About five years ago I thought of something. A saxophonist in Chicago, Ron Kolber, told me that Pepper had sent him copies of most of his leadsheets about three weeks before he passed away. Pepper told him, "Protect them with your life!" and, fortunately, he had. Maybe I should produce a CD of Pepper tunes? That seemed interesting. But one night at the Village Vanguard, it hit me like a thunderbolt: "ALL of them!" I thought. One recording wouldn't be enough. "It's about the legacy," I remembered." I would have to record all of them.
So this is what I've done. I've self-produced, at my own expense so it's done the right way, all 43 compositions by four different small groups. I handpicked the musicians and tunes for each to play. Two CDs, for trio and quartet, are led by the terrific Chicago pianist and arranger Jeremy Kahn, who has done so much to breathe new life into Pepper's music with fascinating introductions and codas. One of his dates features baritone saxophonist Gary Smulyan, widely regarded as today's leading soloist. A third recording, led by Atlanta pianist Kevin Bales, uses the the guitar of Barry Greene as the lead voice in a quartet setting. It's rare in jazz that two top soloists play at this high a level. Bales transcribed several tunes from the original recordings, as did saxophonist Frank Basile, who laboriously transcribed even more of Pepper's early tunes, which he arranged on his date for trio, quartet, quintet, and sextet. On his date is bassist Dennis Irwin, who would pass away about a half a year later.
What we have here is the complete body of work by a gifted and original jazz composer. Four terrific recordings as played by musicians exceedingly passionate about the music. What a joy this has been for me! And for the musicians too, since many of them played with Adams when they were young and impressionable.

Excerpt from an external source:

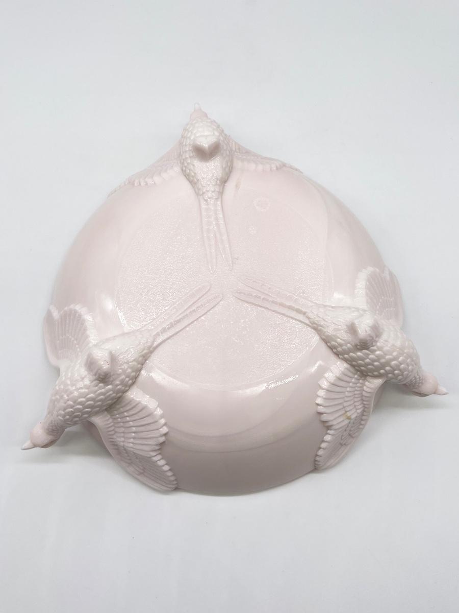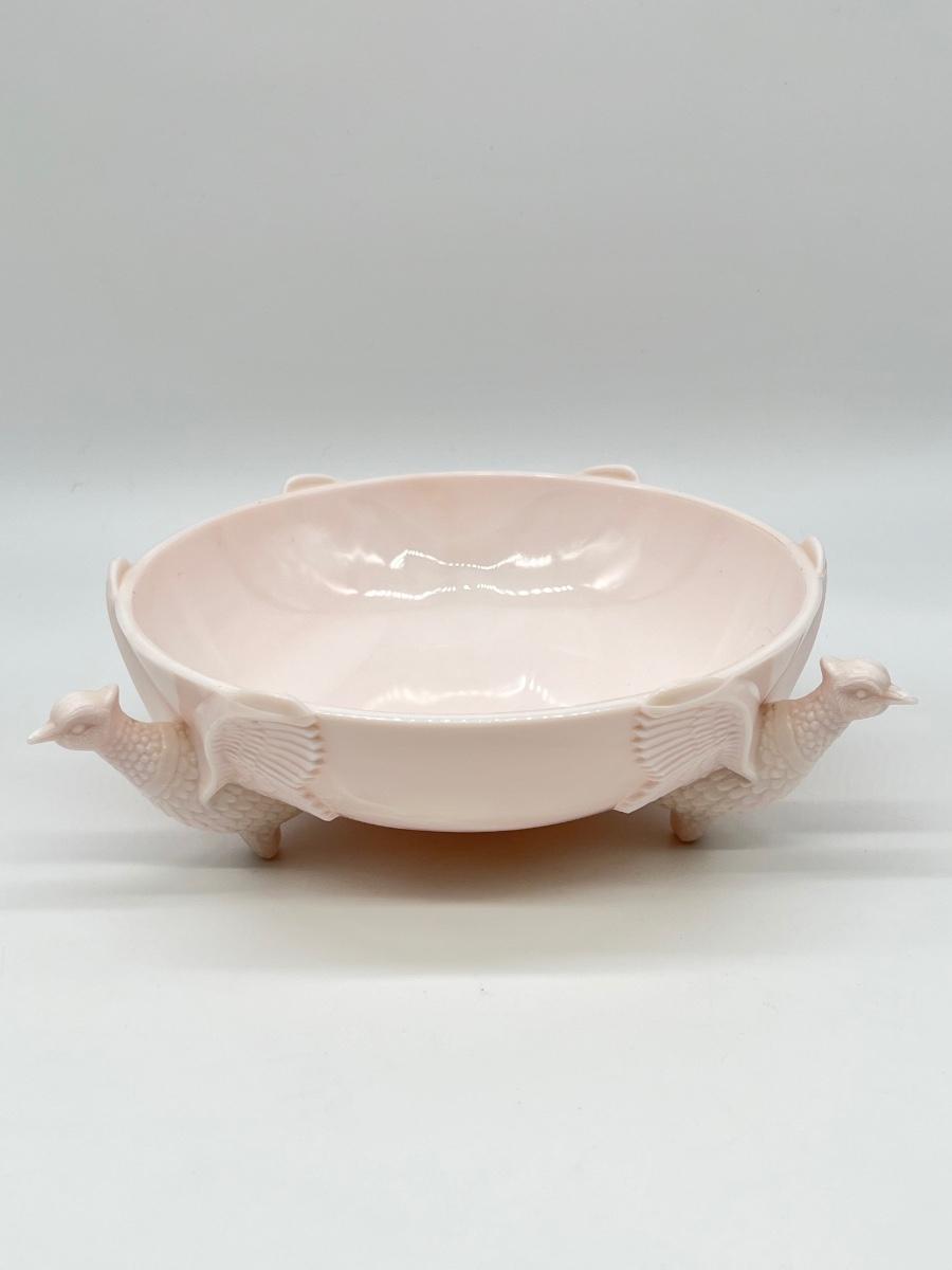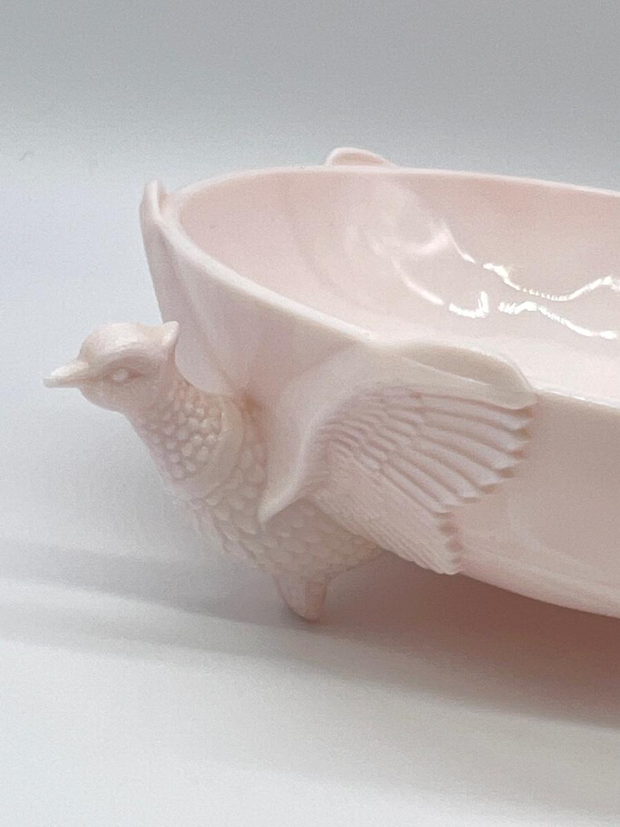 Jeannette Milk Glass ~ Pale Pink Footed Pheasant Dish ~ Excellent

Pepper Adams died at 55, much too young, and with so much music still inside him that we'll never know. What we can know is his great body of work that he left for us to discover. In his last few years of life, a new generation of musicians--some of whom are on these recordings--were hired by Adams for club dates. They knew in their bones that his book of music was innovative. As Mendelssohn did for Bach so many centuries ago, I'm trying to tell the world, with these musicians as my vehicle, about this extraordinary collection of tunes that has for far too long been completely overlooked. I think it's time for Pepper's star to ascend. Thanks for your help!